• **Work item**:
The lines to repeat are those below from the one containing "Mit Bezügen zu" down to the one containing "A nice little", both included; reproduce them exactly and nothing else.

• **Provided records**:
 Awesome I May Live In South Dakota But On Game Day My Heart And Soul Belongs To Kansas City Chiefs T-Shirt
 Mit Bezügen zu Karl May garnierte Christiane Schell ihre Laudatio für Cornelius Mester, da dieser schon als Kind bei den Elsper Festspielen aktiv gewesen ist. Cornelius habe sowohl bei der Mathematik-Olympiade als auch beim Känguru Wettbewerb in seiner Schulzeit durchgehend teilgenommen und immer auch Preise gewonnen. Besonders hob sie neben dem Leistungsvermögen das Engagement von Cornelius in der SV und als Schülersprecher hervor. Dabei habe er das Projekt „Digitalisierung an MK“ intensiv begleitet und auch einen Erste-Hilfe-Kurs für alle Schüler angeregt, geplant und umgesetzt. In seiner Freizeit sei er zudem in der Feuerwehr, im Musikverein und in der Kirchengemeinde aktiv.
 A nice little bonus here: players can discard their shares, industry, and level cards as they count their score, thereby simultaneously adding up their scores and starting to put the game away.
...
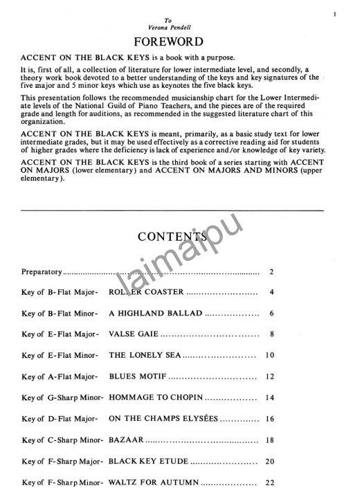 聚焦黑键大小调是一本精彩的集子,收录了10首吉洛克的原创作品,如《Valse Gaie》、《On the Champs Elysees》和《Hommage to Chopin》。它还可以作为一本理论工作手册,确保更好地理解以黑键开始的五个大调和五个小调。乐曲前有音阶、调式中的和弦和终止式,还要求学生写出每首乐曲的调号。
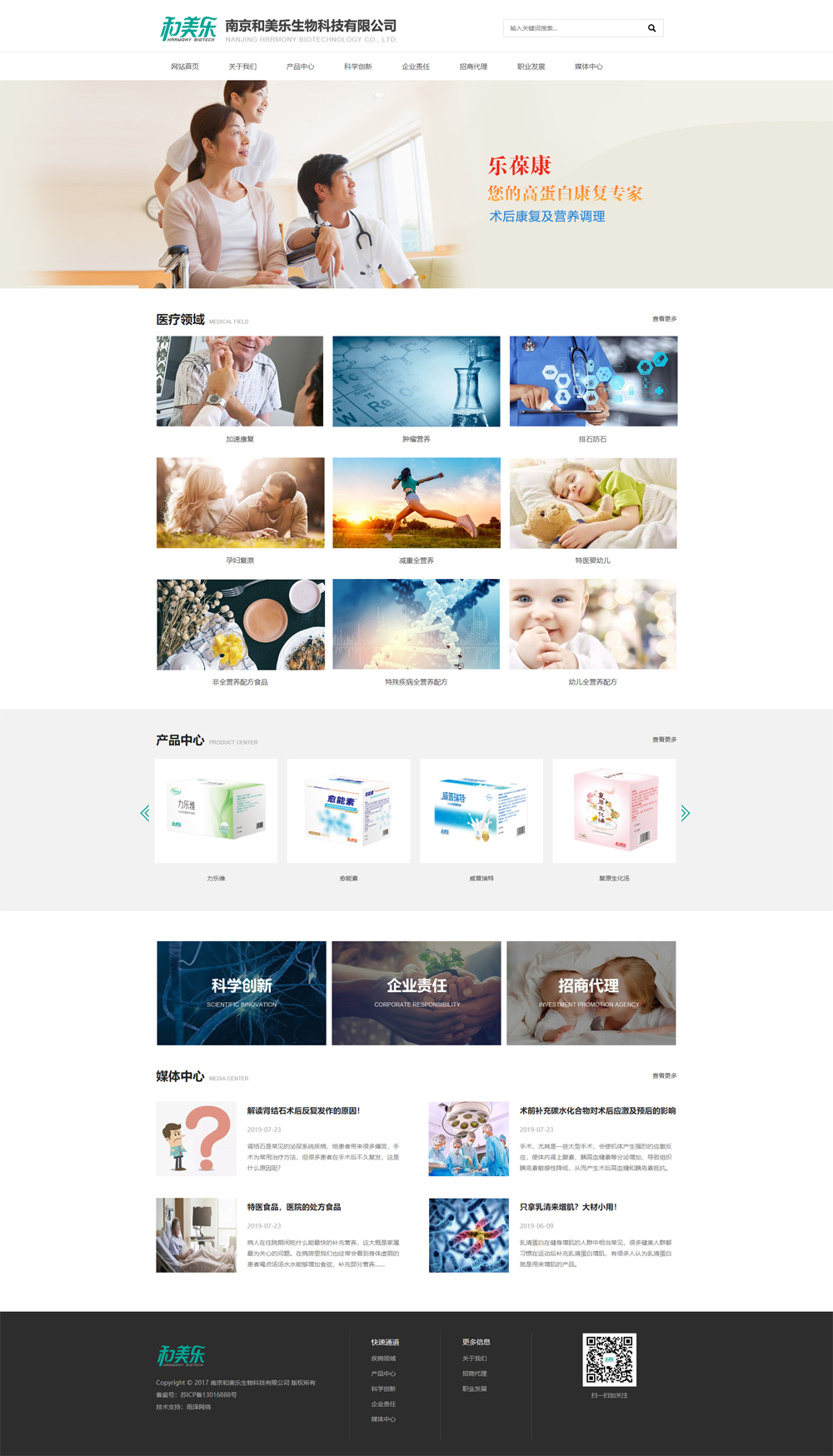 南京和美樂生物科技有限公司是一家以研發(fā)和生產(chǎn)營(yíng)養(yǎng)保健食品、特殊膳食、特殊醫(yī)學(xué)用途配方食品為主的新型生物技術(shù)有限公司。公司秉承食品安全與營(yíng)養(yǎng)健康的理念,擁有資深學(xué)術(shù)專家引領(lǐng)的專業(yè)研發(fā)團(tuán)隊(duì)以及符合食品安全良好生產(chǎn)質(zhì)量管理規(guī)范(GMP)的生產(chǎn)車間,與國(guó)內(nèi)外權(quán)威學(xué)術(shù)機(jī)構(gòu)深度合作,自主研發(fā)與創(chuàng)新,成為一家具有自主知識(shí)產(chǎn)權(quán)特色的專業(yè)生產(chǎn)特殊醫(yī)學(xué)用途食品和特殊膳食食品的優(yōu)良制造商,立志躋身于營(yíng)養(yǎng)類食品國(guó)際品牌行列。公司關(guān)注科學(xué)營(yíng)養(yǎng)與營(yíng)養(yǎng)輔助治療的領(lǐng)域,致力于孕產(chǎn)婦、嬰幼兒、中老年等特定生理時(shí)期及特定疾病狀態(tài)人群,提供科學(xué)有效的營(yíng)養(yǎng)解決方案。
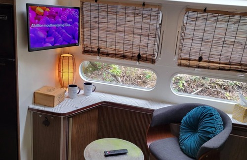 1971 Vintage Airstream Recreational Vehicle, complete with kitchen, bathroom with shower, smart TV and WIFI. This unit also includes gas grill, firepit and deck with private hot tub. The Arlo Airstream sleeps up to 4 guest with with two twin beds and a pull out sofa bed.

• **Problem solution**:
 Mit Bezügen zu Karl May garnierte Christiane Schell ihre Laudatio für Cornelius Mester, da dieser schon als Kind bei den Elsper Festspielen aktiv gewesen ist. Cornelius habe sowohl bei der Mathematik-Olympiade als auch beim Känguru Wettbewerb in seiner Schulzeit durchgehend teilgenommen und immer auch Preise gewonnen. Besonders hob sie neben dem Leistungsvermögen das Engagement von Cornelius in der SV und als Schülersprecher hervor. Dabei habe er das Projekt „Digitalisierung an MK“ intensiv begleitet und auch einen Erste-Hilfe-Kurs für alle Schüler angeregt, geplant und umgesetzt. In seiner Freizeit sei er zudem in der Feuerwehr, im Musikverein und in der Kirchengemeinde aktiv.
 A nice little bonus here: players can discard their shares, industry, and level cards as they count their score, thereby simultaneously adding up their scores and starting to put the game away.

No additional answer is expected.